Get up and go walk, run, hit something (not a person), or do something really crazy like use some of your time off and take a vacation. It’s crazy, but Americans don’t use their vacation days or they work when they are on vacation. If you never step away and truly give yourself time off, you will burnout entirely and need a vacation from your vacations. End the cycle, take real breaks and make them count.

4. Introspection

Write down every hate-filled thought, dream, fear, and desire to see what you really want and what makes you happy. We all have a little voice inside of us that we neglect, but that voice will steer us in the right path if we let it. A good way to get started is to write everything down and look for clues to when you started feeling burnt out or unhappy. Determine what caused it and take actions to improve or change your situations.

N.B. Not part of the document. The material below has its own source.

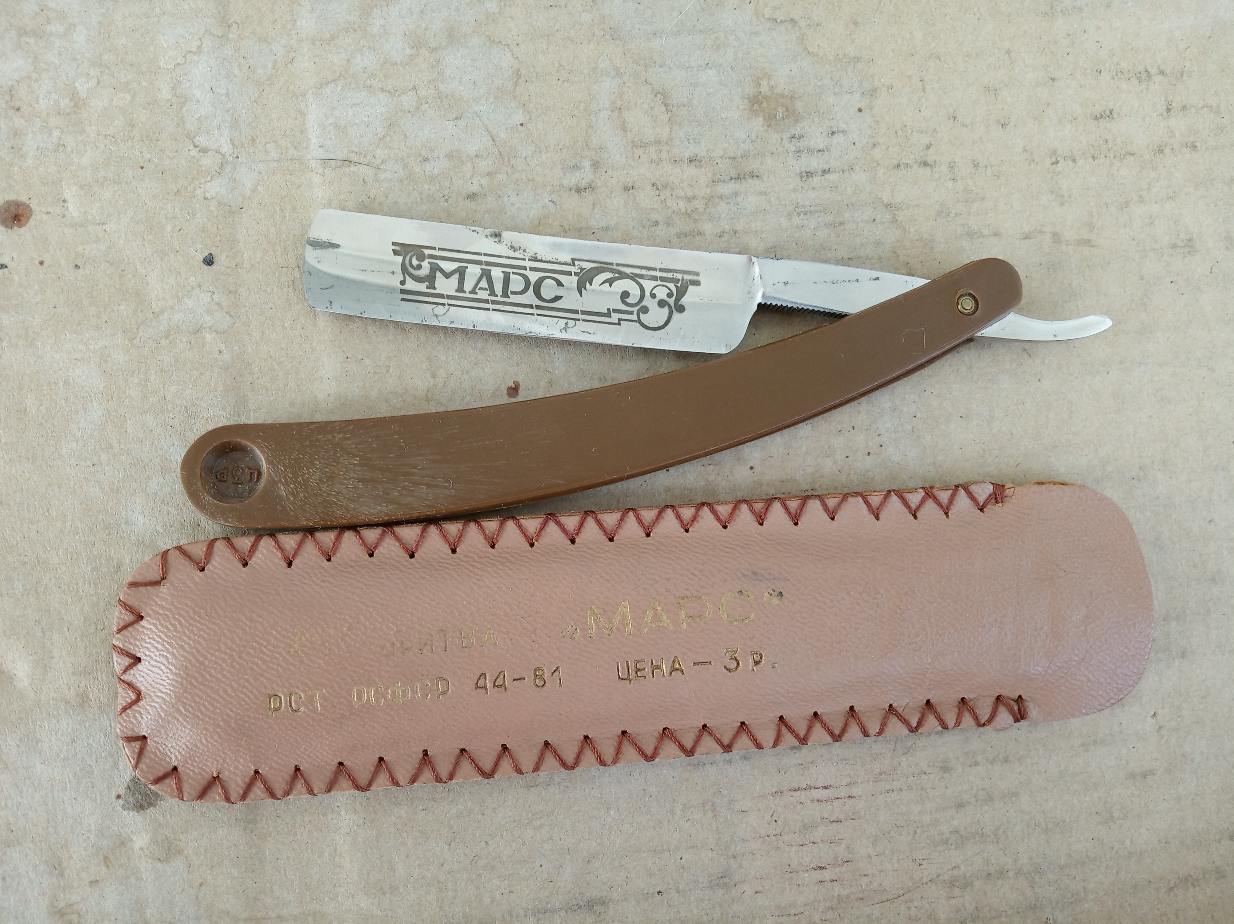 Добыча с барахолкиСегодня очень хорошо прогулялся. Ремень СТИЗ с "чудесной" ручкой, Белоречит хорошего размера(зачем, потом разберусь), Прибор для заточки лезвий безопасных бритв. И конечно, последняя марка СТИЗ Марс. Считаю, что состояние 4++, потому, что они даже новые всегда ржавые.

You need to cure the disease, not it’s symptoms. If you can start defining what’s at the root of your burnout syndrome and what would make you happy, you can start implementing an improvement plan. The best way to solve our problems is to listen what we are trying to say to ourselves. You need to decide if it’s really the job that is burning you out, or if it’s other factors that lead to you hating what you do.

It’s not an easy thing to do, especially in the medical field, since you have to constantly help people and you feel some type of moral obligation to be what others need you to be. But if you are going crazy or are burnt out, you have to cure your ailments before you can help others fix theirs.

5. Realize You’re Not Perfect

Stop trying to be. It is the fight for perfection that keeps us unhappy and fried. Nothing in this world is perfect, including you, so reaching perfection is never going to happen. The sooner you understand this, the sooner you can start to heal your burnout and get back to enjoying life.

As healthcare professionals, you want to be perfect, you feel you must be perfect; you have lots of people depending on you and, sometimes, your mistakes can cost lives or leave people worse off than before. It’s terrible when bad things happen, but they always will. If you blame yourself for everything wrong that happens and forget when things go right, you will suffer.

Remember to do your best and let everything else go. You can only do what you can do.

6. One Bite at a Time

QUESTION: How do you eat an elephant?

One bite at a time. Break your tasks down into manageable pieces so big tasks don’t seem so daunting. It’s better to not look at the full picture sometimes, as it can be discouraging. Define the things you need to get done in a day (a manageable list) and do those things. Once you have completed them, move on and live your life; don’t take on more patients, don’t go check on more people– because you probably won’t give them the attention they need anyway.

Ask for help when you need it and don’t be afraid to leave things you can’t do for someone else; just talk to them about it, so you’re not throwing something on their lap they can’t handle either.